1) Discrimination is inherent of a division made based on the characteristics listed in the Civil Rights Act; 2) Discrimination is unjust or prejudicial treatment based on a characteristic, especially those listed in the Civil Rights Act.
This, in #1, is what some have argued in this thread that I feel does not represent either civil rights nor the spirit of the Civil Rights Act: What are we being protected from by virtue of having a Civil Rights Act? We are being protected from the division, which is to say that we are being protected from "racial distinctions, religious distinctions, gender distinctions, age distinctions, etc." Why are these particular divisions illegal? Because the Civil Rights Act says so.
I argue that just having that division is not discrimination that we need being protected from. To say so implies that we should not be distinct, we should not have divisions of race, religion, gender, etc. It implies that "equality" is us being all the same--but that doesn't reflect civil rights, it abuses it. We do have discounts for kids on Tuesdays. We do have separate washrooms for women and men. We do have gay pride. We are not being made generic by having the Civil Rights Act.

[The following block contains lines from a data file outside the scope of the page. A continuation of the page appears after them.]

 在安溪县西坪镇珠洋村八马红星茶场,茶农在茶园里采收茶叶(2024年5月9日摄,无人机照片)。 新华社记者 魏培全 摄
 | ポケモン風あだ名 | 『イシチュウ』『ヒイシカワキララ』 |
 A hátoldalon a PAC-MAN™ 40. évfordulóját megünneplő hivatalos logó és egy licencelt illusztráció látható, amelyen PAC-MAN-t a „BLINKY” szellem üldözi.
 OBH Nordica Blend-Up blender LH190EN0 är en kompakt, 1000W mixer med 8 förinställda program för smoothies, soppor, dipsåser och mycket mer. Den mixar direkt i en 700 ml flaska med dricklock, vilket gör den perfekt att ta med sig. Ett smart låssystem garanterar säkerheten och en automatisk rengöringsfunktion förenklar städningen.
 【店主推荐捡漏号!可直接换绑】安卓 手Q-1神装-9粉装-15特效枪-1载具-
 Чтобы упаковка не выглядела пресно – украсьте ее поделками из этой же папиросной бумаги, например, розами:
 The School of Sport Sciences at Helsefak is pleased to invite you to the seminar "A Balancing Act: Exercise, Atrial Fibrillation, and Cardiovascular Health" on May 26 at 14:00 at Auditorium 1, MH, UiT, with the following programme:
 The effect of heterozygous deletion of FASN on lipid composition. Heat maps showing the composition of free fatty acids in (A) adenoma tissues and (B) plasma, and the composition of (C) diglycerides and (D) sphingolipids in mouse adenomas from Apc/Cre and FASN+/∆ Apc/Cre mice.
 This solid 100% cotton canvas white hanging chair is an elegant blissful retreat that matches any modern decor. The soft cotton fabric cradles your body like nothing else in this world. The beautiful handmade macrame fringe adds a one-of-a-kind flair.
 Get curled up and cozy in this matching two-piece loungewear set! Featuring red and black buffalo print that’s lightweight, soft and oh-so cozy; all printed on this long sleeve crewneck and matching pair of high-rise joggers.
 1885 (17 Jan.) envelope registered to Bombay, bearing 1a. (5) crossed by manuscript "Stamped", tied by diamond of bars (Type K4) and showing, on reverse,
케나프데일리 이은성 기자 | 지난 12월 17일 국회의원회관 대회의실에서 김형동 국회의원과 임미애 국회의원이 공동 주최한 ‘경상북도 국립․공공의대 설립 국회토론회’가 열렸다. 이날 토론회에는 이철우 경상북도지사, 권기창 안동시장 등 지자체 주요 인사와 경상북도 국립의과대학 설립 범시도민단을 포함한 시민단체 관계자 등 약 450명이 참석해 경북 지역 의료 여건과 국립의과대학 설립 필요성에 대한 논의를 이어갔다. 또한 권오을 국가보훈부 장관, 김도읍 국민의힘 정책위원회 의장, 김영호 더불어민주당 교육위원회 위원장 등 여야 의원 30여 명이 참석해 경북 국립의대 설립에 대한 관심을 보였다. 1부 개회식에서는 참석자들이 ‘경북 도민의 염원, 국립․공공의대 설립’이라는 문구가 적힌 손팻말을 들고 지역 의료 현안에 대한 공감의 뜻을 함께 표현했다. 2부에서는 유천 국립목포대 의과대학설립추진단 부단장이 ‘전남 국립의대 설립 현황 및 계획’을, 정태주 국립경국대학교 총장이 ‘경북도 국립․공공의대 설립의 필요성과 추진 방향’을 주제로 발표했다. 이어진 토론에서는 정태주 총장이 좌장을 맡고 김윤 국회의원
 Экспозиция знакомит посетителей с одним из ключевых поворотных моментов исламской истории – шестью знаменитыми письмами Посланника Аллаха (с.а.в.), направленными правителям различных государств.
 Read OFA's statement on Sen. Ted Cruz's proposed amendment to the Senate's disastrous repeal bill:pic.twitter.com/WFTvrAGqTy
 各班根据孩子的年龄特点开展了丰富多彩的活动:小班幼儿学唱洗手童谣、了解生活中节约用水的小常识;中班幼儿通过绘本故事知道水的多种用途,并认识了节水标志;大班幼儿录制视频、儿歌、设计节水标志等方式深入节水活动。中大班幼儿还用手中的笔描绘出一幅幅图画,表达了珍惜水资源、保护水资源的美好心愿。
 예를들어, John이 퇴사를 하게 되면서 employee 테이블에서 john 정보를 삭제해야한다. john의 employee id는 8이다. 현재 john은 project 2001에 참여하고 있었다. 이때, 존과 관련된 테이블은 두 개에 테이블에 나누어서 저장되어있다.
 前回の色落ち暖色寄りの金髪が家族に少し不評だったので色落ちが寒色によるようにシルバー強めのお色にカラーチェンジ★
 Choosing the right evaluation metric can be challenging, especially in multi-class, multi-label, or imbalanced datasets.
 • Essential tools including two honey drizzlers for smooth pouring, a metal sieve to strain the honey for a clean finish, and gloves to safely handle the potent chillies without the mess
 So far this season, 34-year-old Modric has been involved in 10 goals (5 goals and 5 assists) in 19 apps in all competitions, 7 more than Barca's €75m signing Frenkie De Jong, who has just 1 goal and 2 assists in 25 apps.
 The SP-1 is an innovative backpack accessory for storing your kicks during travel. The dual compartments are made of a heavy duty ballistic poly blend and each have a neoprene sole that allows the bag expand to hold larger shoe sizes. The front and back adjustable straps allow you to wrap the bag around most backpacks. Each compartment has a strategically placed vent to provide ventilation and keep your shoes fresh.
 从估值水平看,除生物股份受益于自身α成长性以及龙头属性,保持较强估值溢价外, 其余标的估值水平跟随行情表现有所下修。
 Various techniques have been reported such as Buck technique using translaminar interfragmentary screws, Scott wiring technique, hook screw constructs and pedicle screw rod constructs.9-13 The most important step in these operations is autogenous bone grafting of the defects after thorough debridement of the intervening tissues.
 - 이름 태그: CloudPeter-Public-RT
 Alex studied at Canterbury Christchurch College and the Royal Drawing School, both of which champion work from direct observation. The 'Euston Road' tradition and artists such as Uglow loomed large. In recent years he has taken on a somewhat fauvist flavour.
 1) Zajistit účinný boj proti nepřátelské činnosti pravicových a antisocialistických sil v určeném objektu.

What the Civil Rights Act protects us from is the distinction that makes us unequal unfairly: that holds us back from jobs or prevents us from a decent salary; that makes us stand a table, because "your race are not allowed to sit" by the letter of the rule, or sit at the back of a bus. Civil rights protect us from the distinction that segregates us unfairly, it does not protect us from any and all segregation. The former is good reason for a law, the latter isn't.